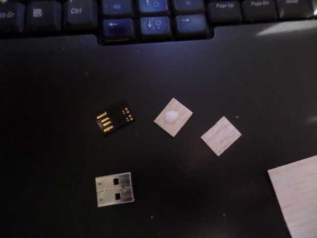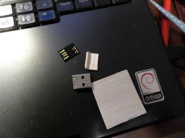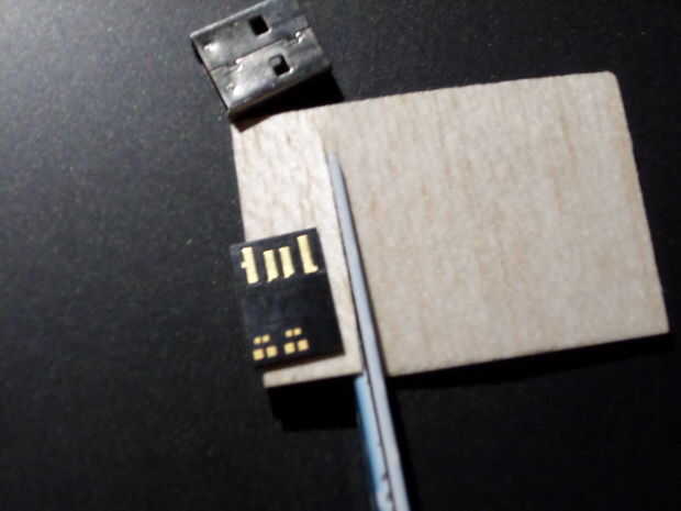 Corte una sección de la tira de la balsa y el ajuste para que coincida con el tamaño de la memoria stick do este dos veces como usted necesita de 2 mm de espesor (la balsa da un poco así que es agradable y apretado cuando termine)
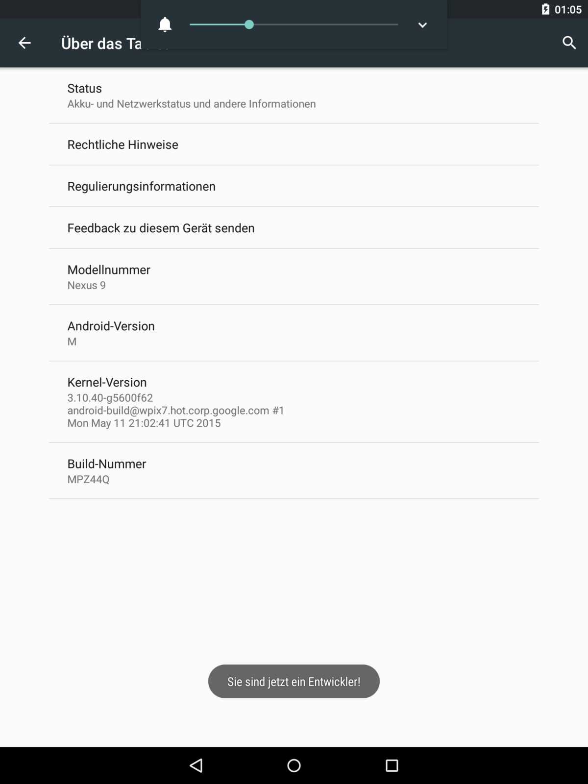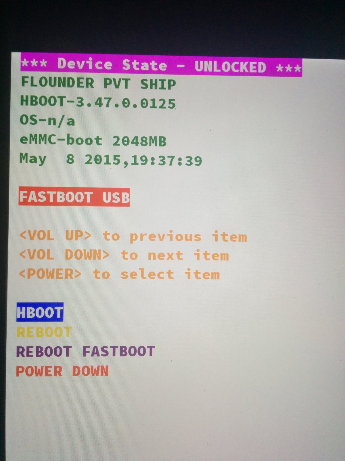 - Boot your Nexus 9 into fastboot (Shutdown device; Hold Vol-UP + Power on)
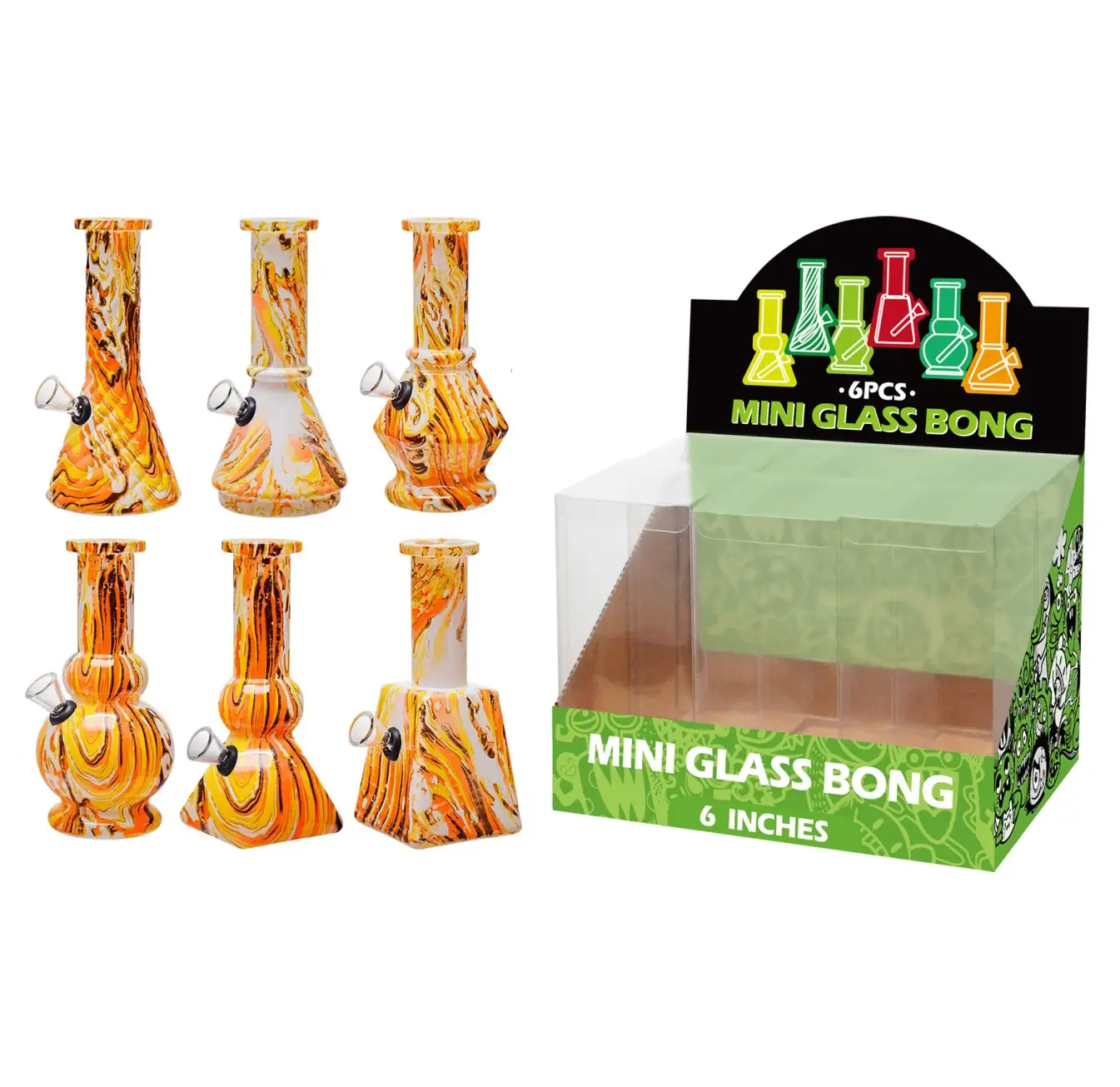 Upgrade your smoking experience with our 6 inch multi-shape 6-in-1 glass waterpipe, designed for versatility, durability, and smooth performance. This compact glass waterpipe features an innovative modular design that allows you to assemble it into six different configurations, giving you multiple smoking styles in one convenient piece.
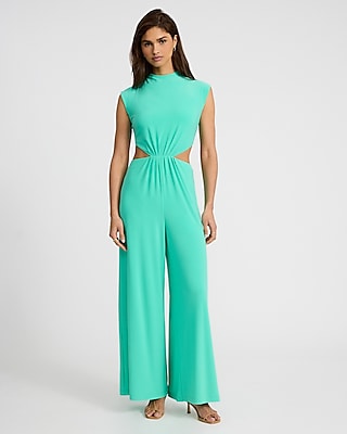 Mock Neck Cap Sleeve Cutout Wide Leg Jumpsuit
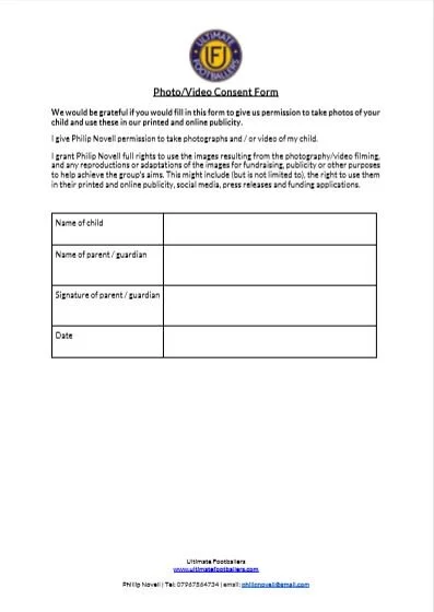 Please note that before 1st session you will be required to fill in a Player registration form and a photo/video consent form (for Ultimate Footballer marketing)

==

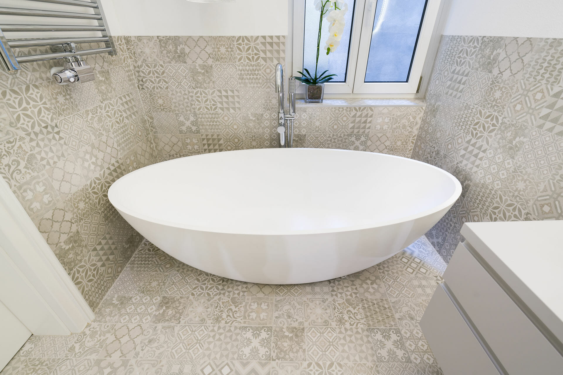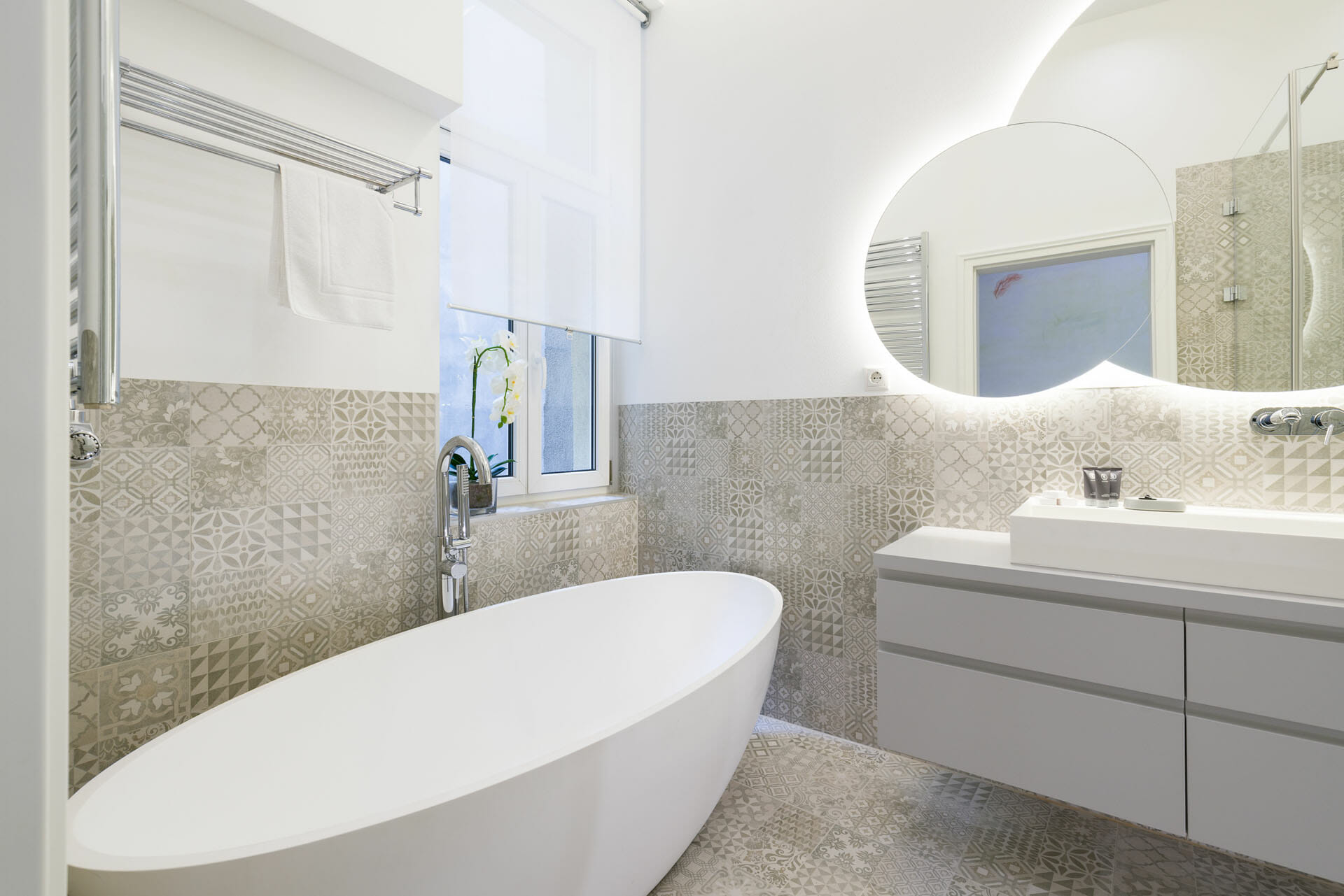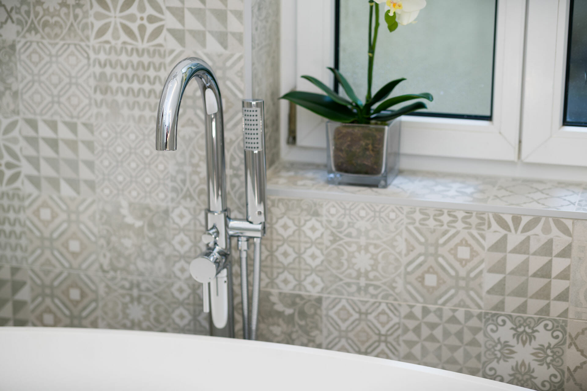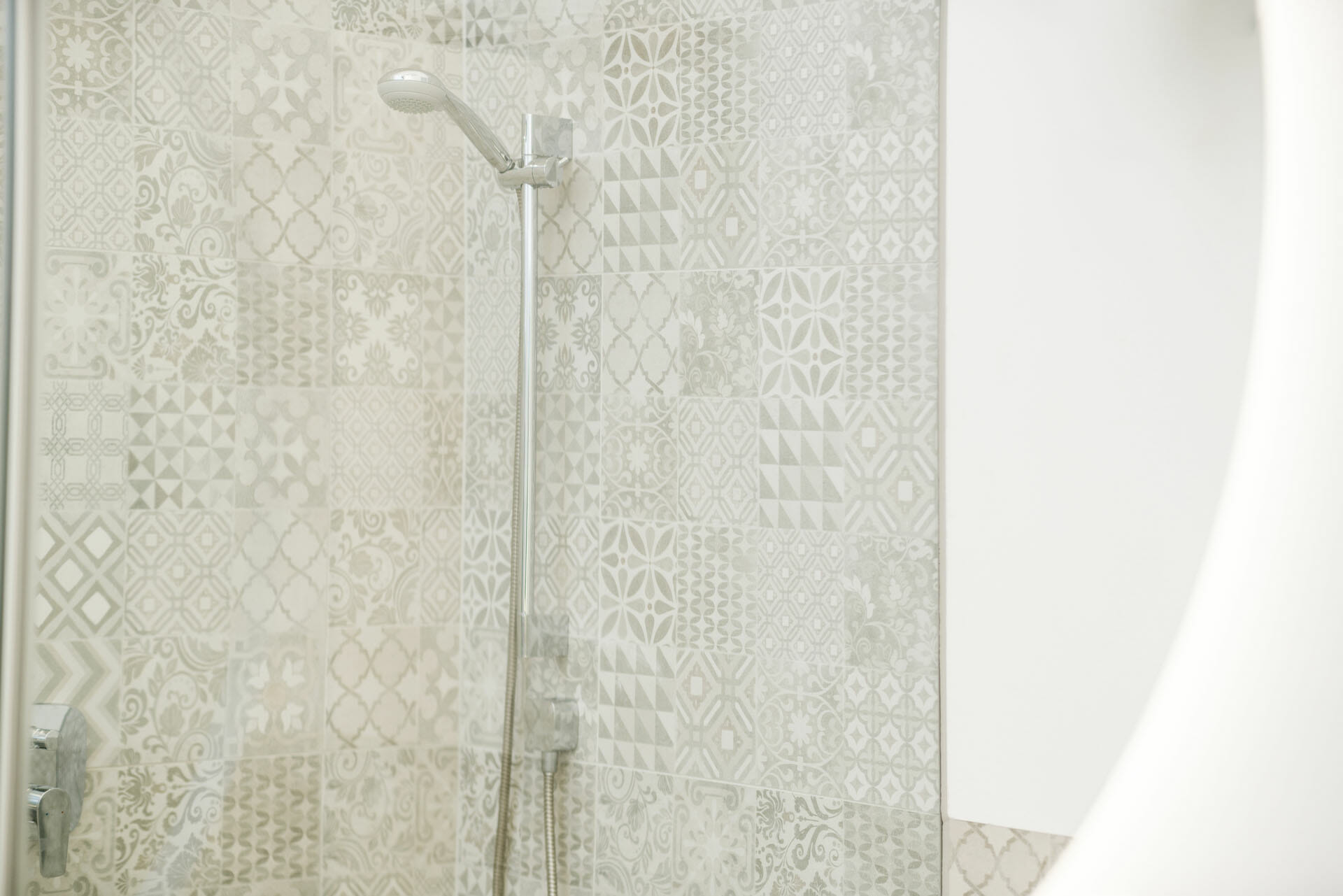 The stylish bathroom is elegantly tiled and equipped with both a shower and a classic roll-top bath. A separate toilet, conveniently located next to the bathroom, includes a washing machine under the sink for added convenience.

==

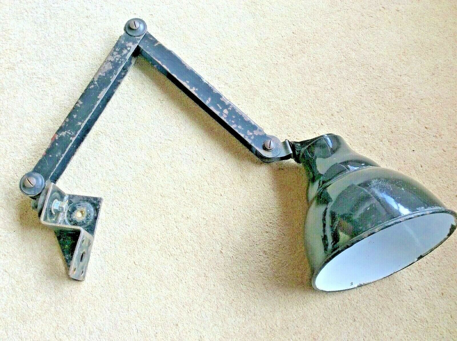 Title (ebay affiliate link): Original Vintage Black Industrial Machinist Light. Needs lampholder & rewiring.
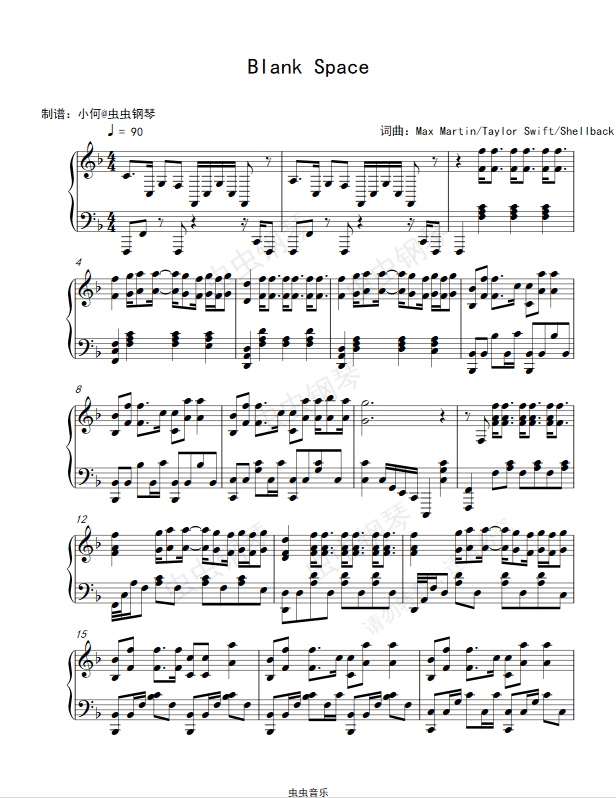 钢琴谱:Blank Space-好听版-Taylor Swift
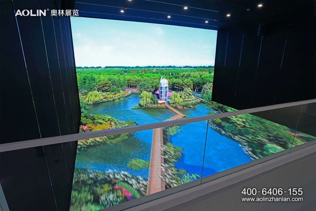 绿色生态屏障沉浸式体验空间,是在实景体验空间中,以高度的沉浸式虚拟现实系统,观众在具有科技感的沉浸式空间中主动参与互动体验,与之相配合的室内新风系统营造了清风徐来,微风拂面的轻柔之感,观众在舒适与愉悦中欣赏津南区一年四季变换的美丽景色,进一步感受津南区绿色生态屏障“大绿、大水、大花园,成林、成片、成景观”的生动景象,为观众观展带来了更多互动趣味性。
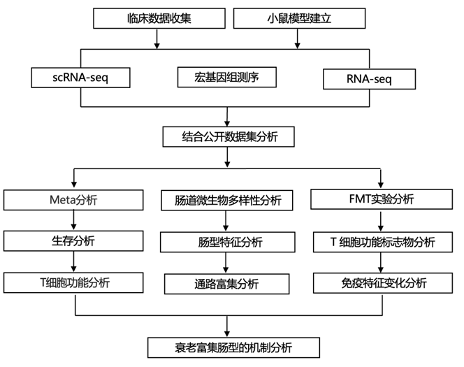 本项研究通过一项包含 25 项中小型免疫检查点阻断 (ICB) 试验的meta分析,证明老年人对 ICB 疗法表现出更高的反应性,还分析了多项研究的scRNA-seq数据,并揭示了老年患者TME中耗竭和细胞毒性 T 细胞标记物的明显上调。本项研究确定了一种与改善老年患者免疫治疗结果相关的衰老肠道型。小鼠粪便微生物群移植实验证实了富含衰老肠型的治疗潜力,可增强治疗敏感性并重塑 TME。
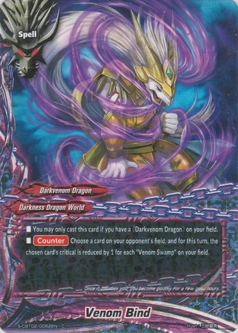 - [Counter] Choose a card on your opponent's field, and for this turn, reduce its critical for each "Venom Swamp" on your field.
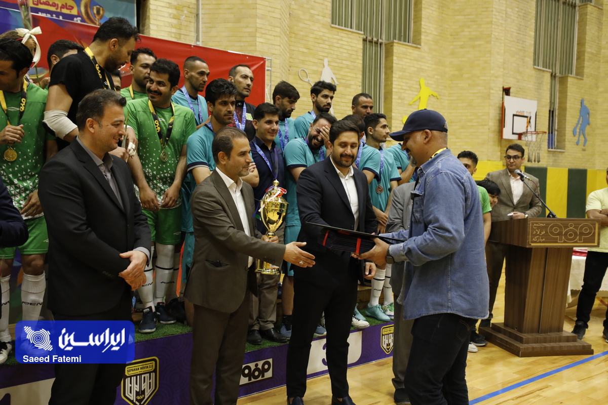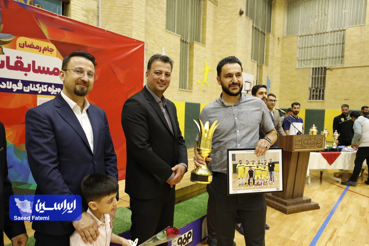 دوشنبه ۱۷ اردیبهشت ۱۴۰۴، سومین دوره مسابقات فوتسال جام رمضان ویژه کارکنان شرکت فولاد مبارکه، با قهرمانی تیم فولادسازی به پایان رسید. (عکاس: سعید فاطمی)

▸ ASSIGNED TASK: The material above holds pictures; leave them out and set down exactly the lines from the line with "Corte una sección" to the line with "Upgrade your smoking", both included.

▸ THE ANSWER:
 Corte una sección de la tira de la balsa y el ajuste para que coincida con el tamaño de la memoria stick do este dos veces como usted necesita de 2 mm de espesor (la balsa da un poco así que es agradable y apretado cuando termine)
 - Boot your Nexus 9 into fastboot (Shutdown device; Hold Vol-UP + Power on)
 Upgrade your smoking experience with our 6 inch multi-shape 6-in-1 glass waterpipe, designed for versatility, durability, and smooth performance. This compact glass waterpipe features an innovative modular design that allows you to assemble it into six different configurations, giving you multiple smoking styles in one convenient piece.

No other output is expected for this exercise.